[Stored data entries]
#####

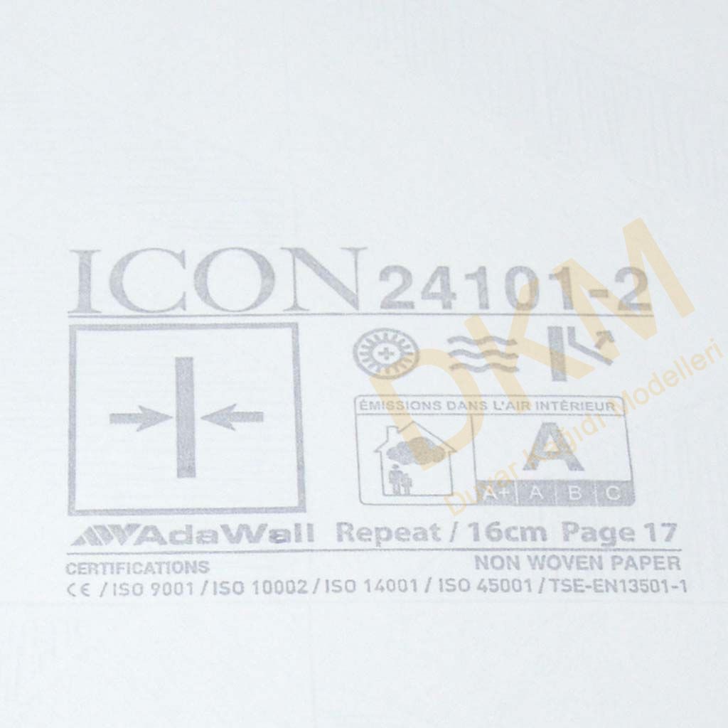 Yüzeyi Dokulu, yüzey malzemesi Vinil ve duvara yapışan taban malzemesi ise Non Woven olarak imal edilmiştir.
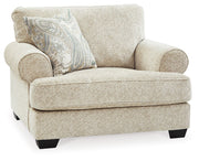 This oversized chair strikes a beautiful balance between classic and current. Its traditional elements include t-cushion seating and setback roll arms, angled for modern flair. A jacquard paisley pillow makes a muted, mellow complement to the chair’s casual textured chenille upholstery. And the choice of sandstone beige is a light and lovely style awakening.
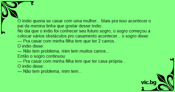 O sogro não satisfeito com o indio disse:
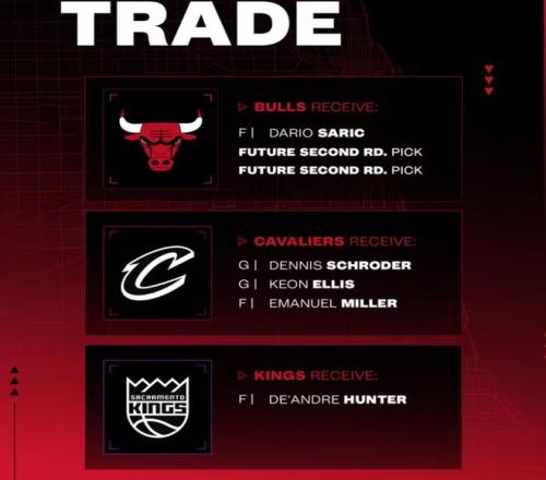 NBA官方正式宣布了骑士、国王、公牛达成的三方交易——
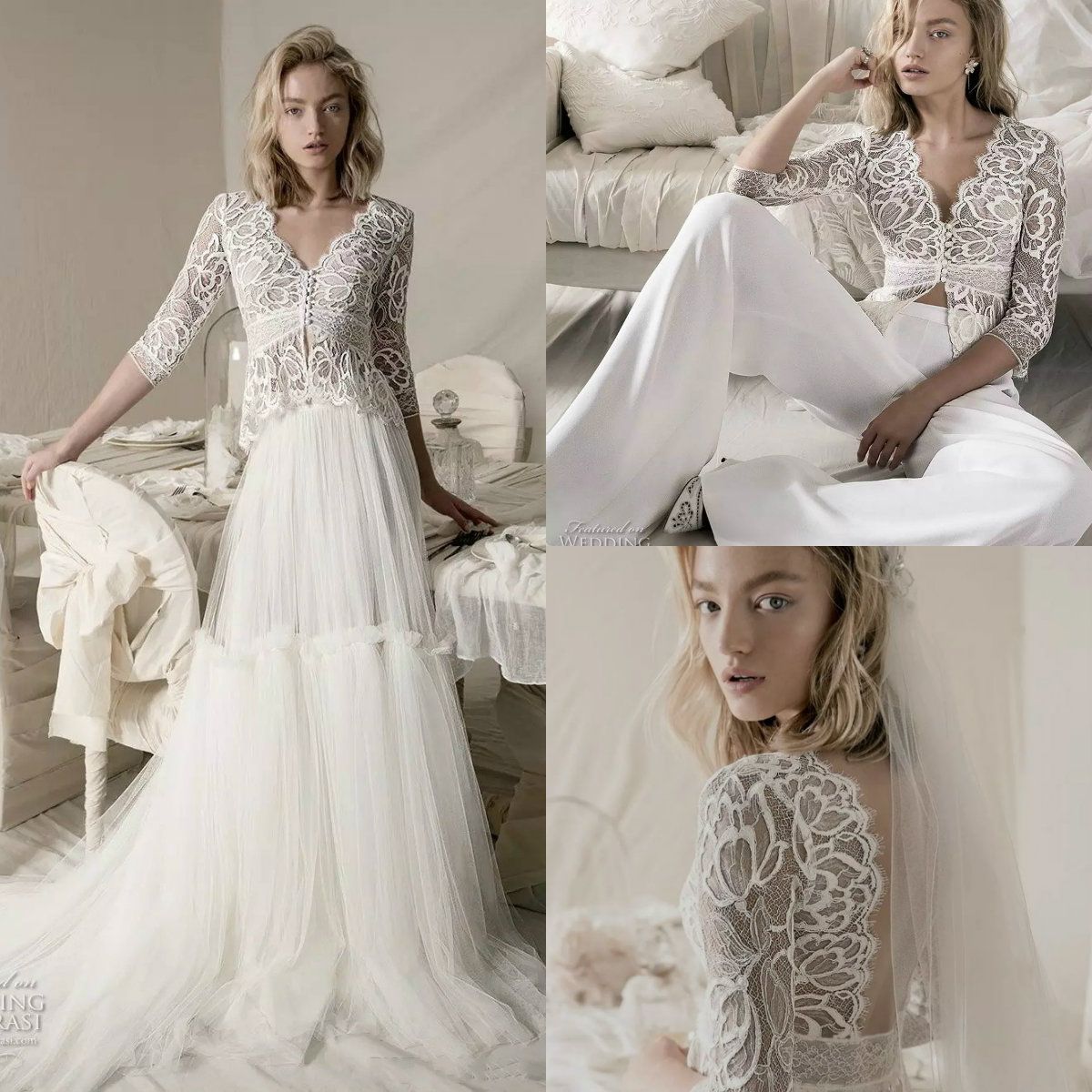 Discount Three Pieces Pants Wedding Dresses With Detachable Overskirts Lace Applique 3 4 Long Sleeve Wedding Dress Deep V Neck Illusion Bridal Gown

#####

Your task is to print exactly the lines from the one containing "This oversized chair" through the final line of the records above, with no pictures and nothing more.

Solution:
 This oversized chair strikes a beautiful balance between classic and current. Its traditional elements include t-cushion seating and setback roll arms, angled for modern flair. A jacquard paisley pillow makes a muted, mellow complement to the chair’s casual textured chenille upholstery. And the choice of sandstone beige is a light and lovely style awakening.
 O sogro não satisfeito com o indio disse:
 NBA官方正式宣布了骑士、国王、公牛达成的三方交易——
 Discount Three Pieces Pants Wedding Dresses With Detachable Overskirts Lace Applique 3 4 Long Sleeve Wedding Dress Deep V Neck Illusion Bridal Gown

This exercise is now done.